____ SOURCE DATA

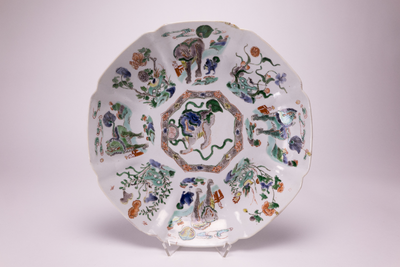 Dish on footring. The spreading sides divided into eight panels in low relief, octagonally-lobed rim. Famille verte, decorated in various shades of green, yellow, blue, iron-red, aubergine and black enamel on the glaze. In the centre a Fo-dog with a ball and ribbons within a star-shaped panel formed by a band of single blossoms and spirals. On the eight side panels four depictions of a landscape with a lion (twice with cubs) alternating with a bird on a rock with flowering plants, among which peonies, chrysanthemums and coxcomb. On the reverse of the sides, panels with a flower spray alternating with undecorated panels. On the base a fungus (lingzhi) mark in a double circle. (Engels)
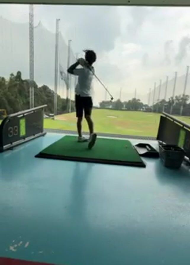 A person is shown in profile in a golf driving range. They are wearing a white t-shirt and dark shorts with white shoes. They swing a golf club. The floor of the range is blue and the area they stand on is a dark green square of simulated grass. The sky is overcast.
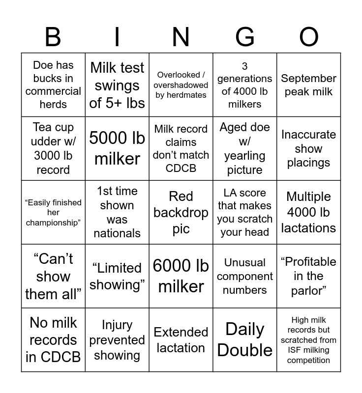 This bingo card has a free space and 24 words: No milk records in CDCB, “Limited showing”, Milk record claims don’t match CDCB, Daily Double, September peak milk, Doe has bucks in commercial herds, Milk test swings of 5+ lbs, Overlooked / overshadowed by herdmates, LA score that makes you scratch your head, Multiple 4000 lb lactations, “Easily finished her championship”, 5000 lb milker, Unusual component numbers, “Profitable in the parlor”, Tea cup udder w/ 3000 lb record, Injury prevented showing, Extended lactation, 3 generations of 4000 lb milkers, Inaccurate show placings, “Can’t show them all”, 1st time shown was nationals, 6000 lb milker, Aged doe w/ yearling picture and High milk records but scratched from ISF milking competition.
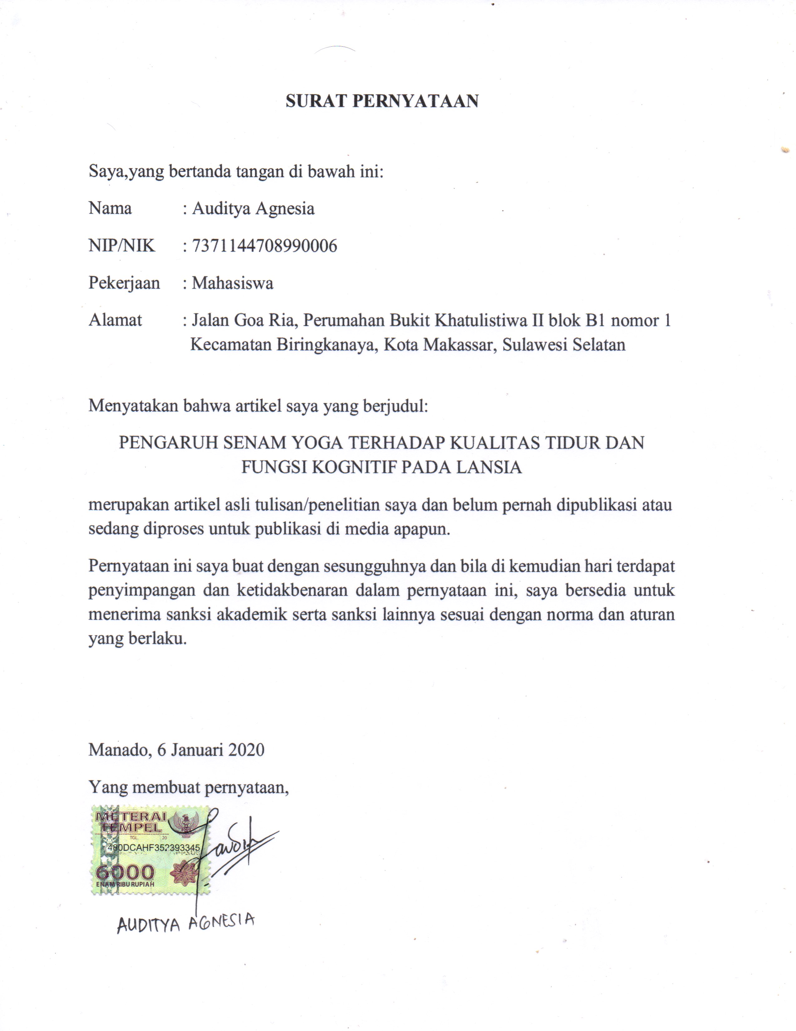 Kata kunci : senam yoga, kualitas tidur, fungsi kognitif, lansia
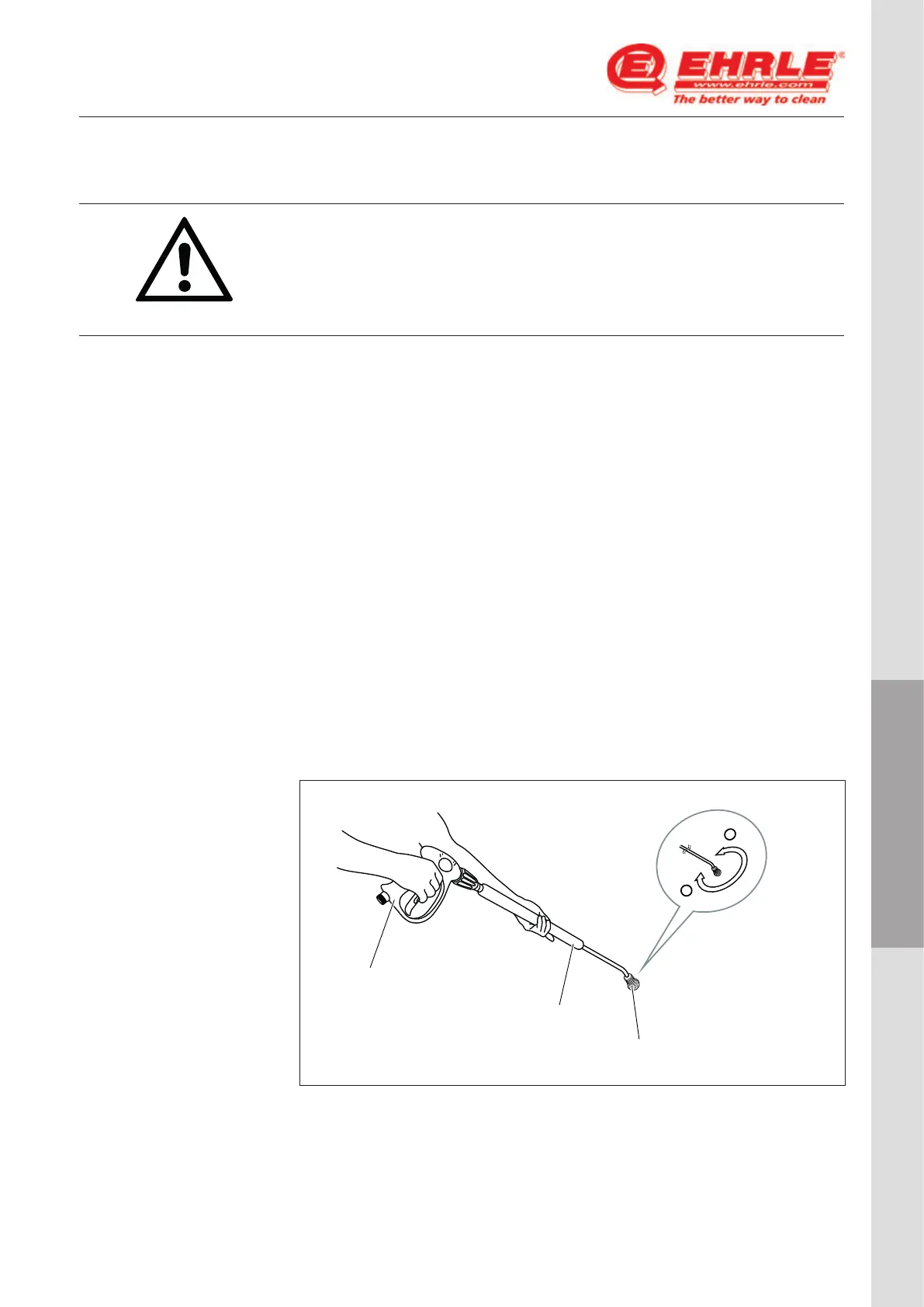 spray lance clockwise (direction „+“) to right stop. The cleaning agent is
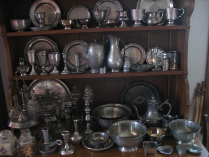 ON SITE ESTATE SALE Early American style home offering wonderful collections of collections: Quality antique/primitive/country furniture-some painted, some Hitchcock: Dry sinks Side chairs Spice Boxes BLACK FINISH PIANO Drop front secretary Dressers Crock benches COLLECTIBLES: Pewter Copper Brass Milk Glass-Westmoreland, Indiana, Imperial Crocks Blue Onion Dish Set Johnson Brothers dish set Pfaltzgraff dish set King's crown style thumbprint glasses Delft Barber/Vanity style bottles Blue glass Baskets of every shape and size Handmade Rag Rugs Some tools & tool bench, hardware, misc. garage items Patio furniture Christmas decorations
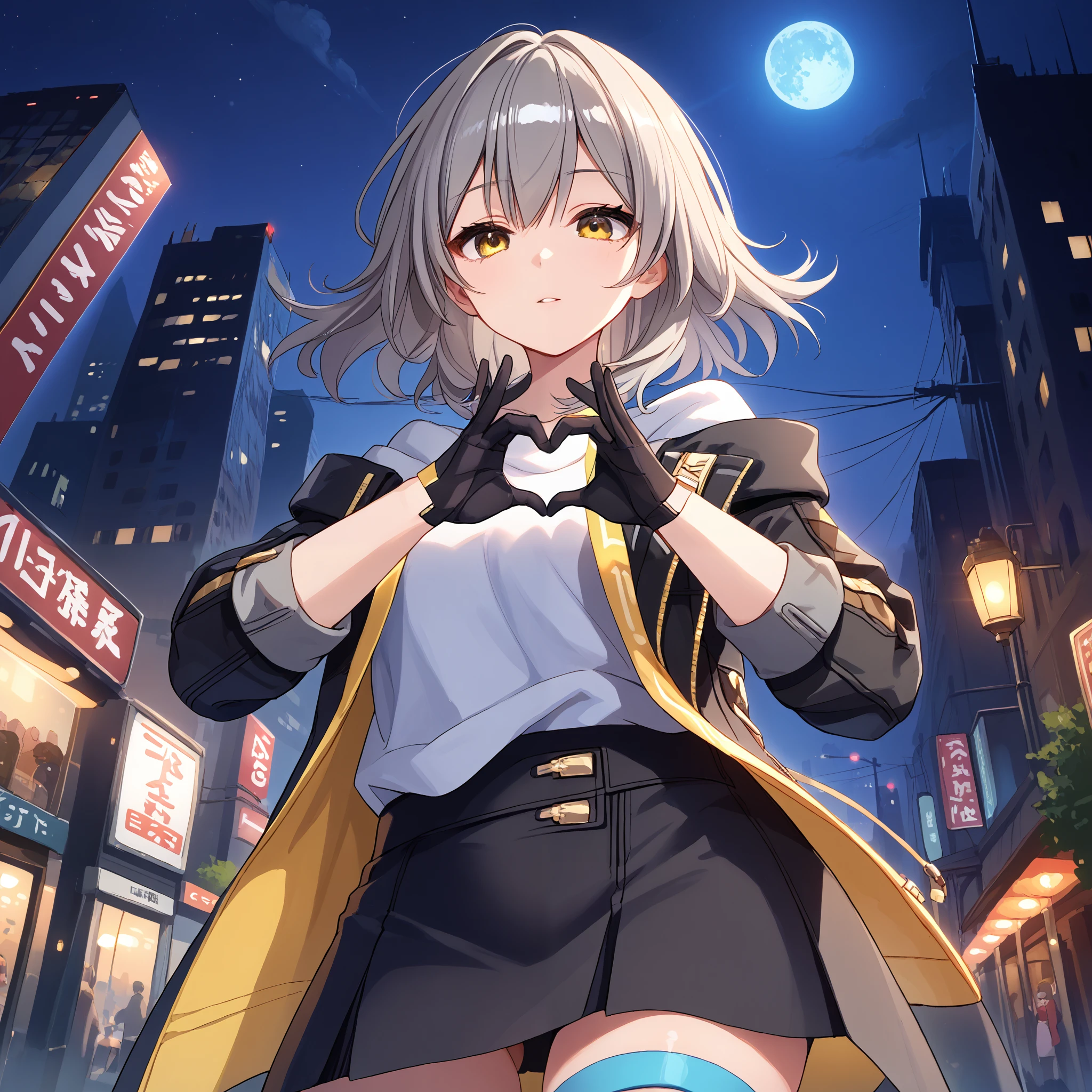 stelle \(honkai: star rail\), medium hair, grey hair, yellow eyes, stelle def, black jacket, open jacket, jacket, coat, white shirt, black gloves, miniskirt, black skirt, thigh strap,

________

> **EXERCISE BRIEF**: Word for word, reproduce all of the entries above and omit the pictures.

> **ANSWER TO THIS EXERCISE**:
 Dish on footring. The spreading sides divided into eight panels in low relief, octagonally-lobed rim. Famille verte, decorated in various shades of green, yellow, blue, iron-red, aubergine and black enamel on the glaze. In the centre a Fo-dog with a ball and ribbons within a star-shaped panel formed by a band of single blossoms and spirals. On the eight side panels four depictions of a landscape with a lion (twice with cubs) alternating with a bird on a rock with flowering plants, among which peonies, chrysanthemums and coxcomb. On the reverse of the sides, panels with a flower spray alternating with undecorated panels. On the base a fungus (lingzhi) mark in a double circle. (Engels)
 A person is shown in profile in a golf driving range. They are wearing a white t-shirt and dark shorts with white shoes. They swing a golf club. The floor of the range is blue and the area they stand on is a dark green square of simulated grass. The sky is overcast.
 This bingo card has a free space and 24 words: No milk records in CDCB, “Limited showing”, Milk record claims don’t match CDCB, Daily Double, September peak milk, Doe has bucks in commercial herds, Milk test swings of 5+ lbs, Overlooked / overshadowed by herdmates, LA score that makes you scratch your head, Multiple 4000 lb lactations, “Easily finished her championship”, 5000 lb milker, Unusual component numbers, “Profitable in the parlor”, Tea cup udder w/ 3000 lb record, Injury prevented showing, Extended lactation, 3 generations of 4000 lb milkers, Inaccurate show placings, “Can’t show them all”, 1st time shown was nationals, 6000 lb milker, Aged doe w/ yearling picture and High milk records but scratched from ISF milking competition.
 Kata kunci : senam yoga, kualitas tidur, fungsi kognitif, lansia
 spray lance clockwise (direction „+“) to right stop. The cleaning agent is
 ON SITE ESTATE SALE Early American style home offering wonderful collections of collections: Quality antique/primitive/country furniture-some painted, some Hitchcock: Dry sinks Side chairs Spice Boxes BLACK FINISH PIANO Drop front secretary Dressers Crock benches COLLECTIBLES: Pewter Copper Brass Milk Glass-Westmoreland, Indiana, Imperial Crocks Blue Onion Dish Set Johnson Brothers dish set Pfaltzgraff dish set King's crown style thumbprint glasses Delft Barber/Vanity style bottles Blue glass Baskets of every shape and size Handmade Rag Rugs Some tools & tool bench, hardware, misc. garage items Patio furniture Christmas decorations
 stelle \(honkai: star rail\), medium hair, grey hair, yellow eyes, stelle def, black jacket, open jacket, jacket, coat, white shirt, black gloves, miniskirt, black skirt, thigh strap,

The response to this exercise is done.